February 17, 2003
Volume 81, Number 7
CENEAR 81 7 pp. 75-78
ISSN 0009-2347
CUSTOM SYNTHESIS FOR DRUG DISCOVERY
Companies providing exclusive synthesis for early drug development are upbeat about 2003

A. MAUREEN ROUHI, C&EN WASHINGTON

When few new drugs are launched, big custom manufacturers of advanced intermediates and active ingredients are hit badly, as they were in 2002. But because research in pharmaceutical companies must go on--to discover new drugs and feed the development pipeline--providers of exclusive synthesis for the early phases of drug development fared better than custom manufacturers in 2002. Business, though slower, allowed gains over the previous year and expansions of operations. The outlook for 2003 is optimistic.

"The worst is over now," says Thomas E. D'Ambra, chief executive officer of Albany Molecular Research (AMR), which provides custom chemistry services for drug discovery and development. AMR did well in 2002, but it wasn't easy. Chemistry custom services are estimated to have brought in sales of about $73 million in 2002, up 28% from 2001. That growth was achieved despite AMR's loss of a long-term contract early last year when DuPont Pharmaceuticals was acquired by Bristol-Myers Squibb, D'Ambra says. "We had to hustle just to stay even and then grow on top of that."

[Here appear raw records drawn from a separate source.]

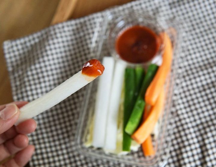 野菜スティックとキャベツを「赤から」監修のピリ辛味噌だれにつけていただきます。筆者が購入した商品には、大根が4本、にんじんときゅうりが3本ずつ入っていました。野菜に絡みやすくするためなのか、味噌だれは粘り気があるタイプ。野菜を食べ終わっても少し味噌が残ったので、家にあるキャベツを追加して食べました。家族からも、また買ってきてと大好評だった一品です。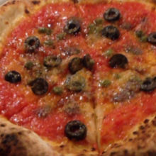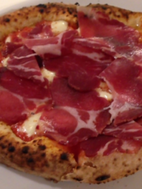 女友達と2人でオーダーしたピッツァは2枚。シンプルにトマトソースとアンチョビやオリーブがのったものと、マルゲリータにプロシュートを載せたものです。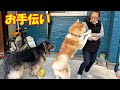働く秋田犬そら・良い仕事しますね♪シェパード犬マック呆れてます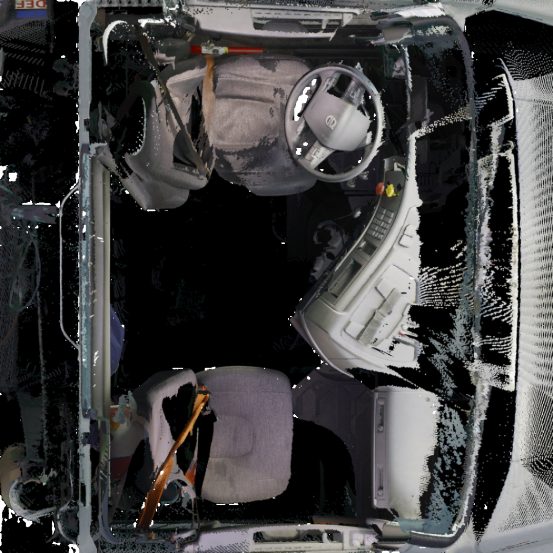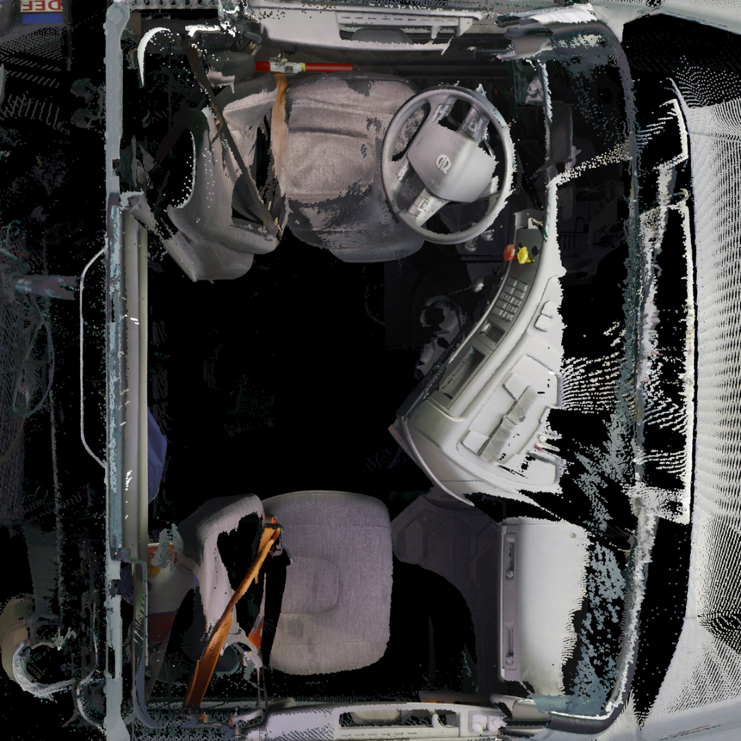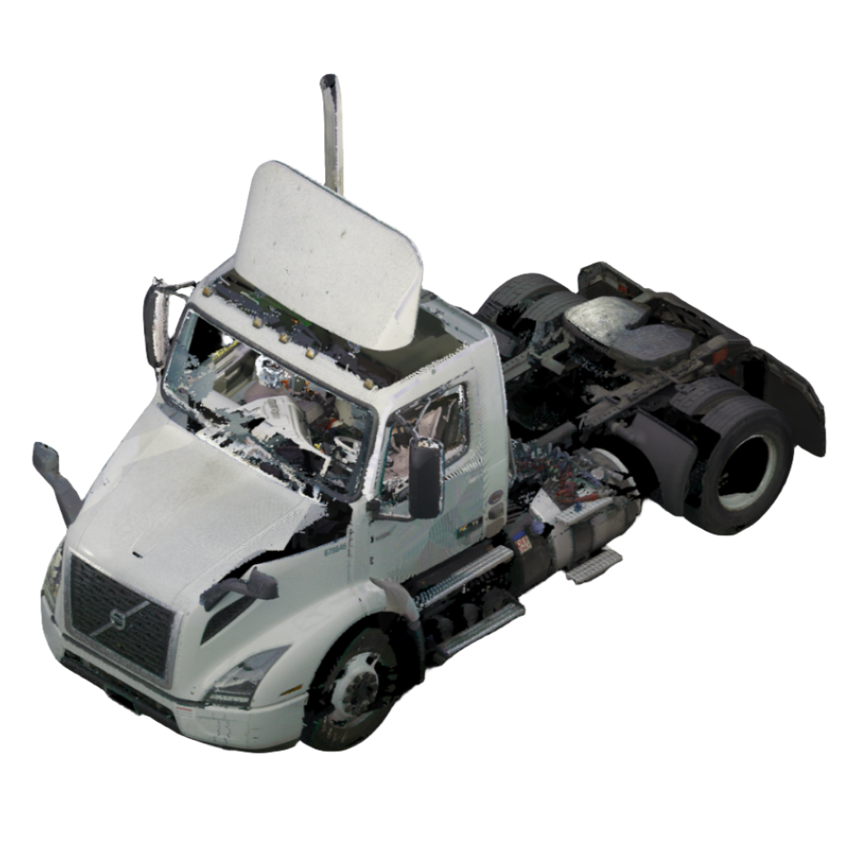 3D laser-scanned point cloud of a 2019 Volvo VNR, including interior. Scan is an exemplar model with no/negligible damage in E57 file format.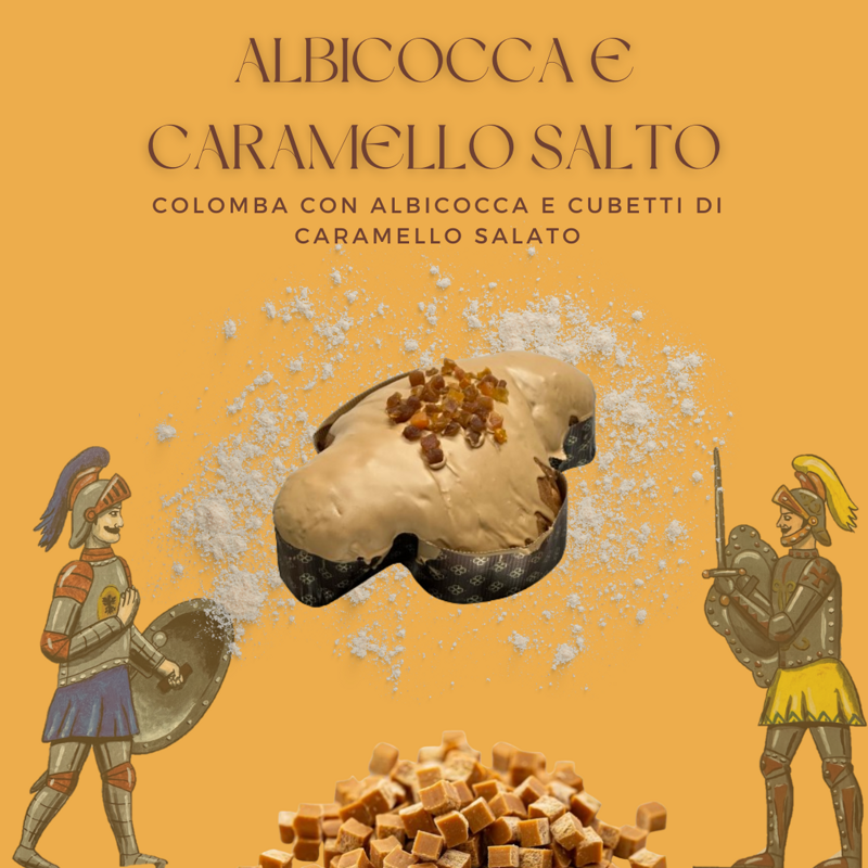 La Colomba con Canditi di Albicocca e Cubetti di Caramello Salato è una proposta originale che unisce tradizione e creatività. L’impasto, soffice e fragrante grazie alla lenta lievitazione naturale, è arricchito da pregiati canditi di albicocca che donano una nota fruttata e delicatamente acidula.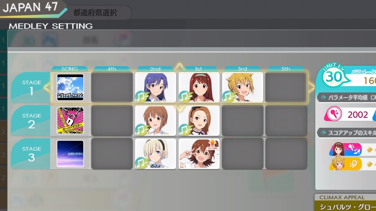 最初は千早を3曲に入れて、千早で最後のユニゾン発動を行っていたのですが、千早のステータスが高すぎて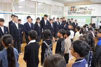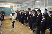 1~3年生が、6年生とのお別れ式に臨みました。前日からの雨の影響で、グランドか使えず、教室でのお別れ式になりました。1年生から胸花を渡してもらい、胸につける6年生。中学校の制服と相まって、とても凛々しい姿になりました。3年生のお別れの言葉、それに応える6年生のお礼の言葉。みんなを代表する2人の言葉がとても心に沁みました。最後は校歌を歌ってお別れです。教室の中ということで、声がよく響き、一人一人の思いがよく伝わる感動的なお別れ式になりました。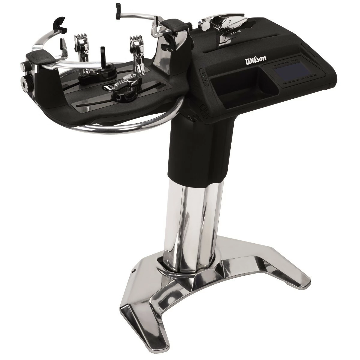 The Baiardo L builds upon the architecture and design of the award-winning Wilson Baiardo machine with a commitment to lightweight efficiency and practicality. Weighing 20% lighter than the original Baiardo, this machine maintains a sleek look with a few new features: manual up-down tilt for ideal ergonomic design, five-teeth clamps to minimize string interference, mounting posts that adjust inward to better fit badminton racquets, and a reel rack on the floor stand that holds string reels for added convenience. Users can toggle between KG and LBS, select from three pulling speeds, adjust pre-stretch up to 20%, and tie off knots with 10% extra tension. Additional settings on the display include calibration, touch button sensitivity, and ability to view number of rackets strung.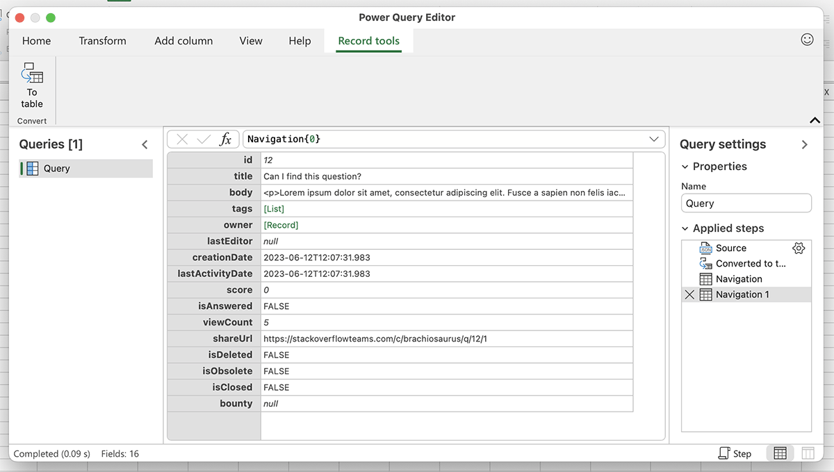 Power Query Editor will open, showing the data returned by the API. Click into the Record or List to navigate through the data structure and find the elements you wish to include in the spreadsheet.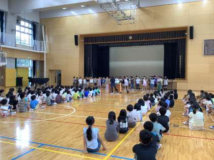 本日の6時間目に、音楽会に向けて学年集会をしました。各クラスごとに歌ったり、ワンチームになるべく円になって全員で歌ったりして、来る音楽会へと心を一つにしました。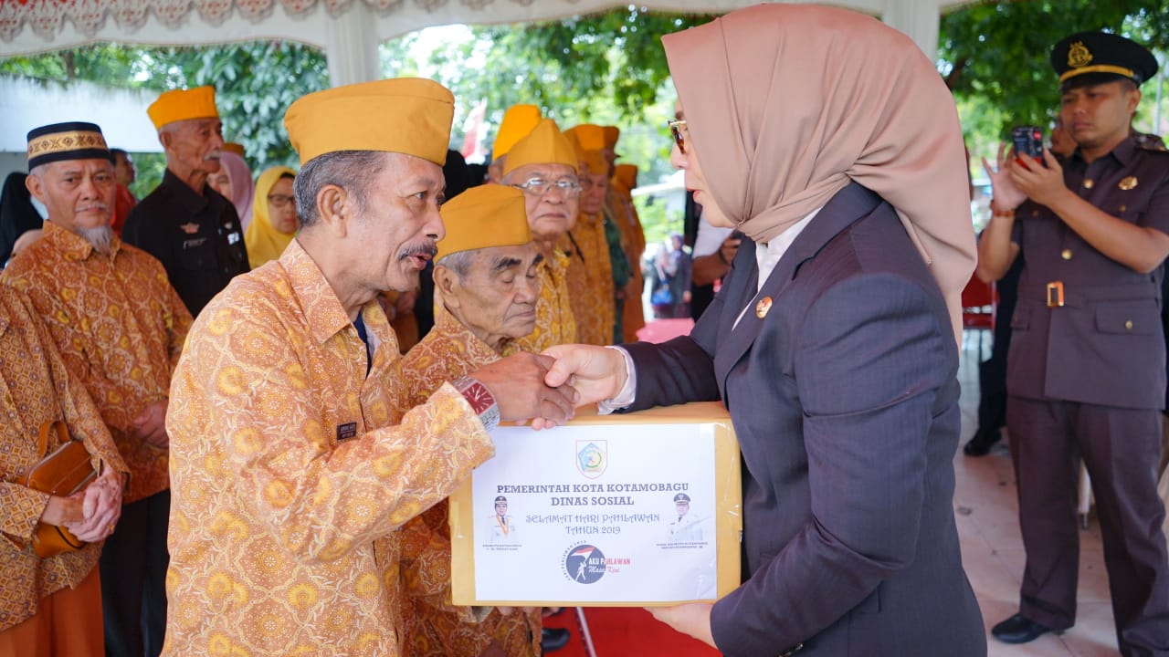 Peringatan Hari Pahlawan kali ini, Walikota menyerahkan bantuan kepada anggota legiun veteran Kotamobagu Turut hadir Forkompinda, Pimpinan SKPD, Camat dan Lurah se-Kotamobagu, TNI dan Polri, ASN Kotamobagu serta Pelajar Kotamobagu.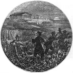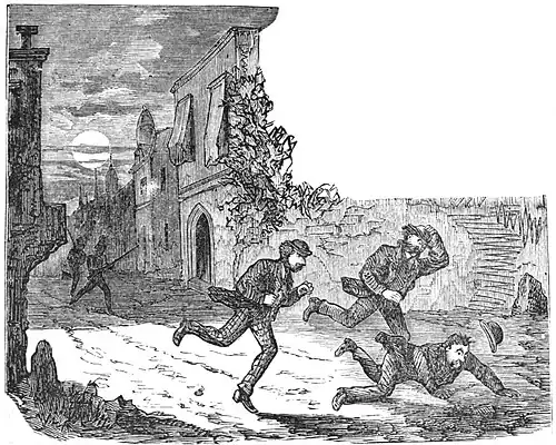 THE ASSAULT. solid rock—(for a while one of them served Socrates for a prison)—we passed around the shoulder of the hill, and the citadel, in all its ruined magnificence, burst upon us! We hurried across the ravine and up a winding road, and stood on the old Acropolis, with the prodigious walls of the citadel towering above our heads. We did not stop to inspect their massive blocks of marble, or measure their height, or guess at their extraordinary thickness, but passed at once through a great arched passage like a railway tunnel, and went straight to the gate that leads to the ancient temples. It was locked! So, after all, it seemed that we were not to see the great Parthenon face to face. We sat down and held a council of war. Result: the gate was only a flimsy structure of wood—we would break it down. It seemed like desecration, but then we had traveled far, and our necessities were urgent. We could not hunt up guides and keepers—we must be on the ship before daylight. So we argued. This was all very fine, but when we came to break the gate, we could not do it. We moved around an angle of the wall and found a low bastion—eight feet high without—ten or twelve within. Denny prepared to scale it, and we got ready to follow. By dint of hard scrambling he finally straddled the top, but some loose stones crumbled away and fell with a crash into the court within. There was instantly a banging of doors and a shout. Denny dropped from the wall in a twinkling, and we retreated in disorder to the gate. Xerxes took that mighty citadel four hundred and eighty years before Christ, when his five millions of soldiers and camp-followers followed him to Greece, and if we four Americans could have remained unmolested five minutes longer, we would have taken it too.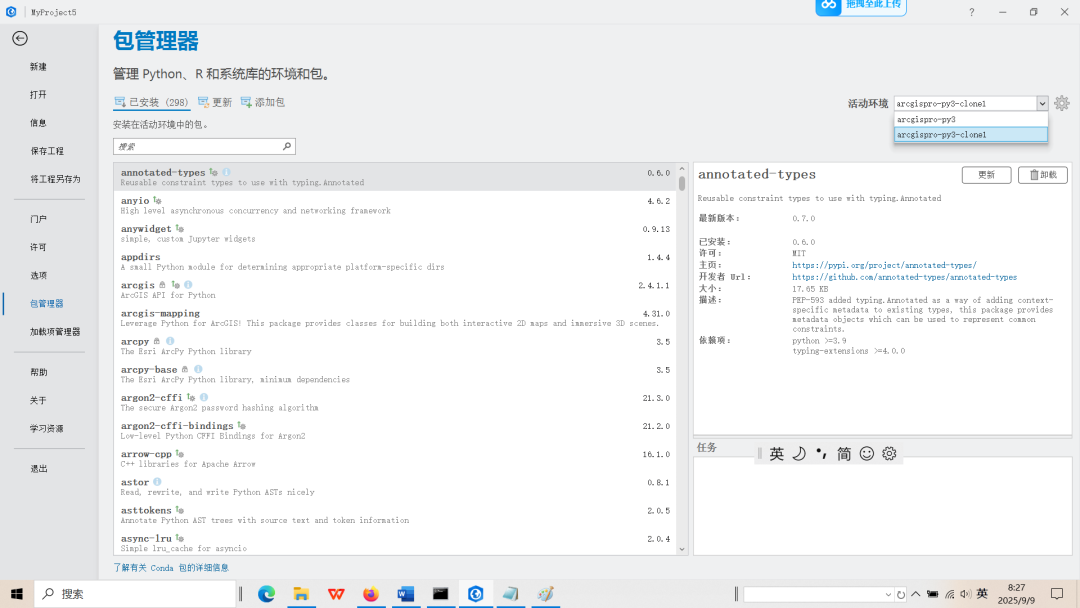 安装了 2.2.6版本,ArcGIS Pro3.5对应的版本:1.26.4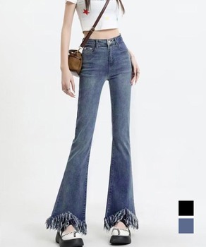 美脚を引き立てる魅力的な裾フリンジデニムフレアパンツ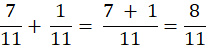 Dodając ułamki o tych samych mianownikach, wykonaj dodawanie liczników tych ułamków. Obliczoną sumę wpisz w miejsce licznika, natomiast mianownik pozostaje bez zmian.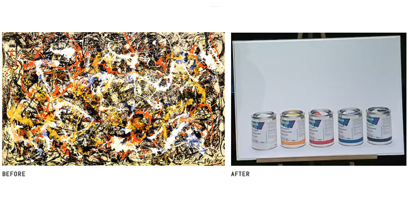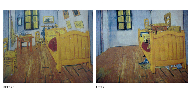 這樣化繁為簡的過程,Ursus 非常的樂在其中,並將層次提升至挑戰較為複雜的畫作,大部份的作品在第一次看到原作時,觀者皆無法想像他將如何重新排列組合,而在看了他的簡化結果,無不大嘆他的創意與絕妙的幽默感。以下兩幅作品皆是家喻戶曉的名作,分別為梵谷的《在 Arles 的房間》(La chambre de van Gogh à Arles)、以及傑克森.波拉克(Jackson Pollock)以滴畫法繪製的《第八號》(Number 8)。在 TED 協會的演說上他解釋道:梵谷的房間擺設,可以有更整齊的擺法;而波拉克的大作,是如此的複雜沒有一定的規則可循。這兩幅作品要簡化可真不容易,因此他將梵谷的傢具們全數堆疊在床上,而波拉克的畫作則是還原至五個不同顏色的顏料罐,這樣的成果帶來大大的驚喜,獲得了滿堂喝彩。

D'Ambra believes that the belt-tightening of the pharmaceutical industry--due to expiring patents on blockbusters, disappointing sales of new products, unmet Wall Street expectations, and aborted launches--has peaked and drug companies will not cut R&D any further. He offers Eli Lilly as an example of a company poised to have a great 2003 and beyond. The company lost a major revenue stream when generic versions of its blockbuster drug Prozac became available. But now, several of its New Drug Applications have been approved or are pending approval.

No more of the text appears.